Coming back to Rec-709 and conventional TV’s and monitors. If we want a piece of white paper to look bright and white on a TV we would record it and then show it at somewhere around 85% to 95% of the screens full brightness range. This doesn’t leave much room for things brighter than a white piece of paper! Things like clouds in the sky, a shiny car, a bright window or a direct light source such as a lamp or other light. In order to make it possible for S-log2 to record a much greater dynamic range the recording level for white and mid tones is shifted down. Instead of recording white at 85%-95%, when using S-log2 or S-Log3 it is recommended by Sony that white is recorded at around 60%. For S-Log2 Middle grey moves down too, instead of being recorded at 42%-43% (the normal level for Rec-709) it’s recorded at just 32% with S-Log2 (S-log3 uses 41%).
By recording everything white (ie a white piece of paper) and darker in a lower range, we free up lot of extra space above the white recording level, within the full recording range, to record all those bright highlights in any scene that would be impossible to record with conventional gammas where there is only 10% to 20% from white at 90% to the peak of the recording range at 100 to 109%.
To make room for the extra dynamic range and the ability to record very bright objects, white and mid tones are shifted down in level by the S-log2 gamma curve. As a result, white, mid tones etc will be displayed darker than normally expected with conventional gamma.
As S-Log2 and S-Log3 normally shift a lot of the recording levels downwards, if we show a scene shot with S-Log2 or S-log3 that has been exposed correctly on a conventional TV or monitor it will look dark due to the lower recording levels.
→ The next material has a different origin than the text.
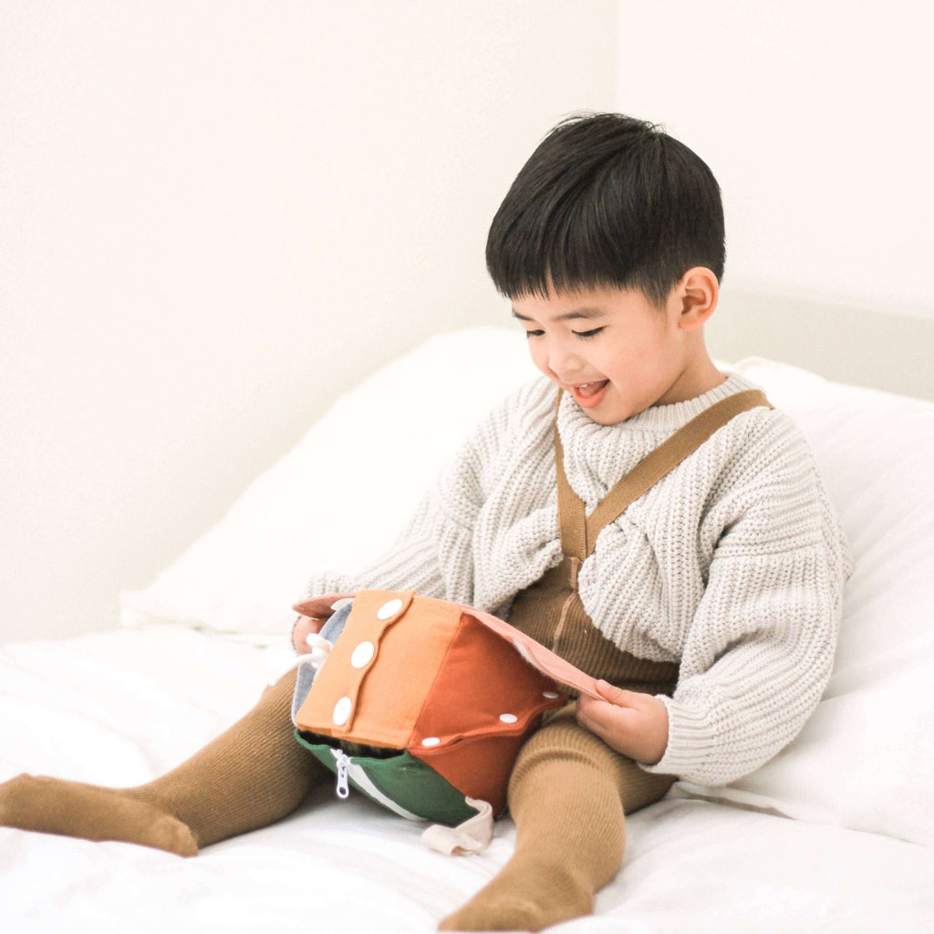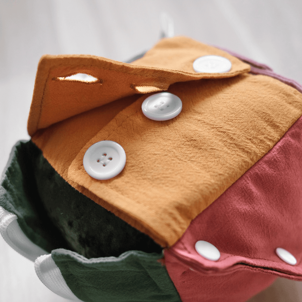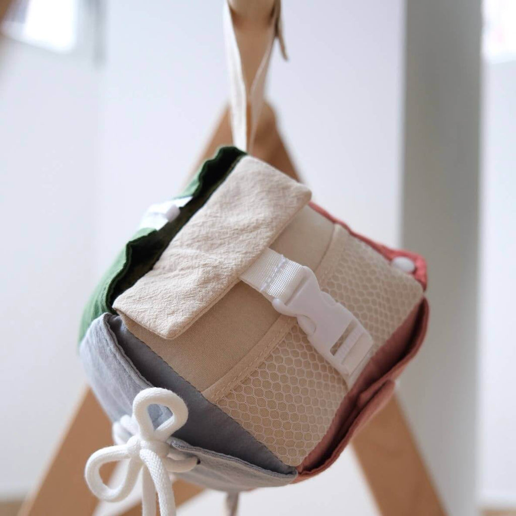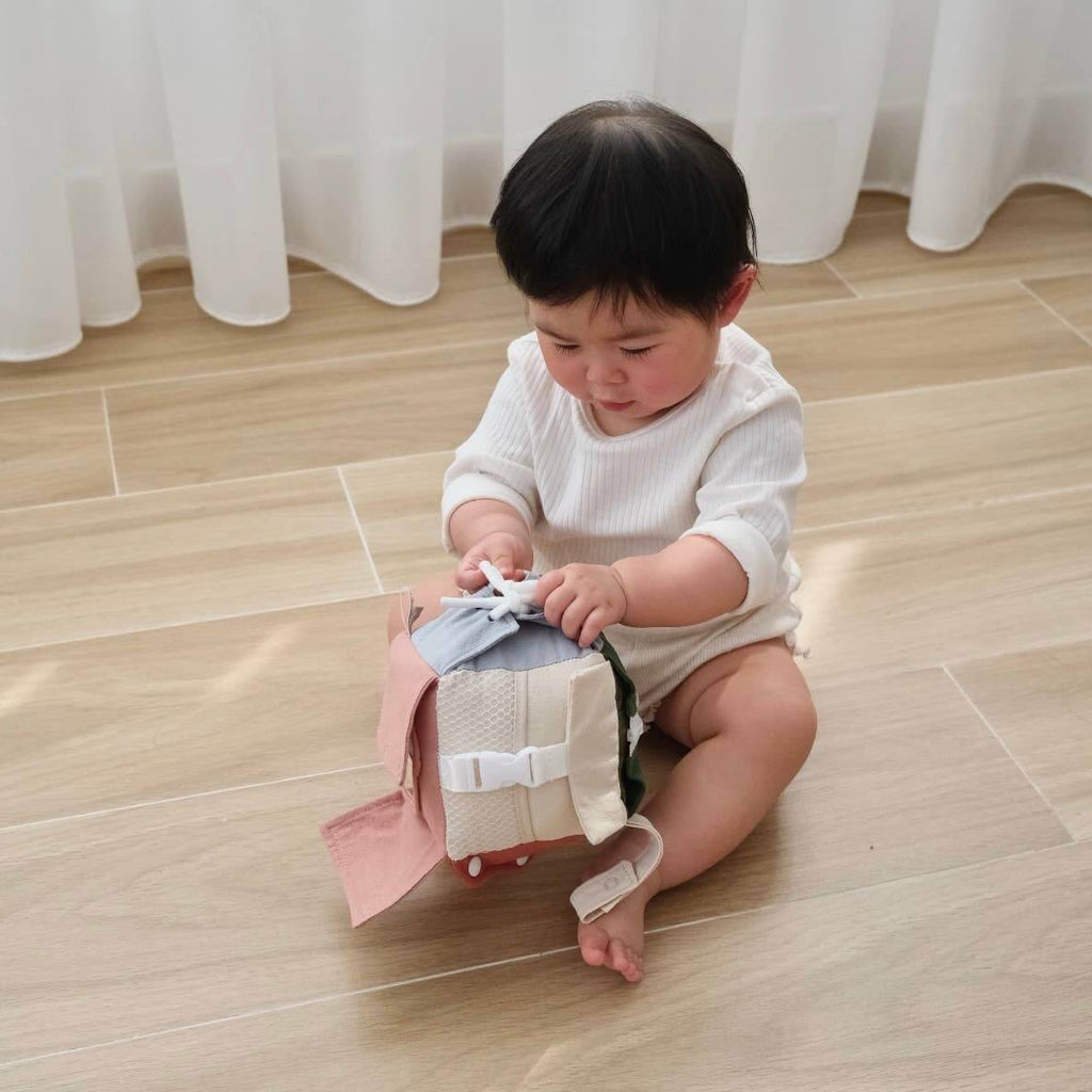 Provide our Busy Cube to your little one and let them learn 6 different essential ways of dressing themselves. Perfect to teach them to use their fingers and practical life skills!
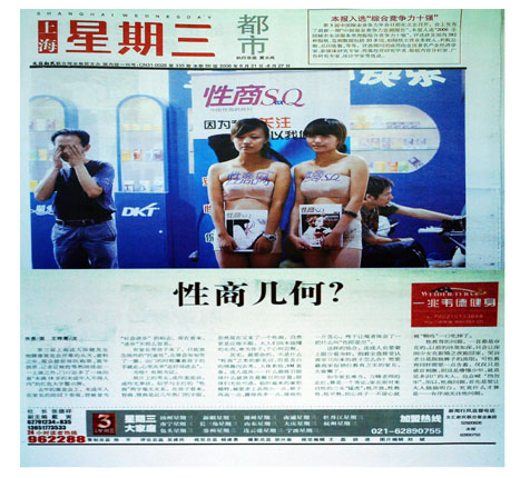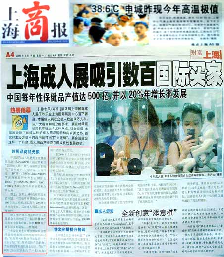 继性商网登上《上海商报》头版后,今天,性商网又登上了《上海星期三》的整版,《上海星期三》是一份都市类报刊,刚刚入选了“2006全国城市生活服务类周报综合竞争力十强”,在上海具有巨大的影响力

In addition it will look flat with very low contrast as we are now squeezing a much bigger dynamic range into the limited conventional Rec-709 display range of a normal TV or computer monitor.
The on screen contrast appears reduced as the capture contrast is greater than the display contrast.
This on screen reduction in contrast and the darker levels are actually perfectly normal when shooting using log gamma, this is how it is supposed to look on a normal monitor or TV. So don’t be alarmed if when shooting using S-Log your images look a little darker and flatter than perhaps you are used to when shooting with a standard gamma. You will adjust the S-Log footage in post production to restore the brightness and contrast later.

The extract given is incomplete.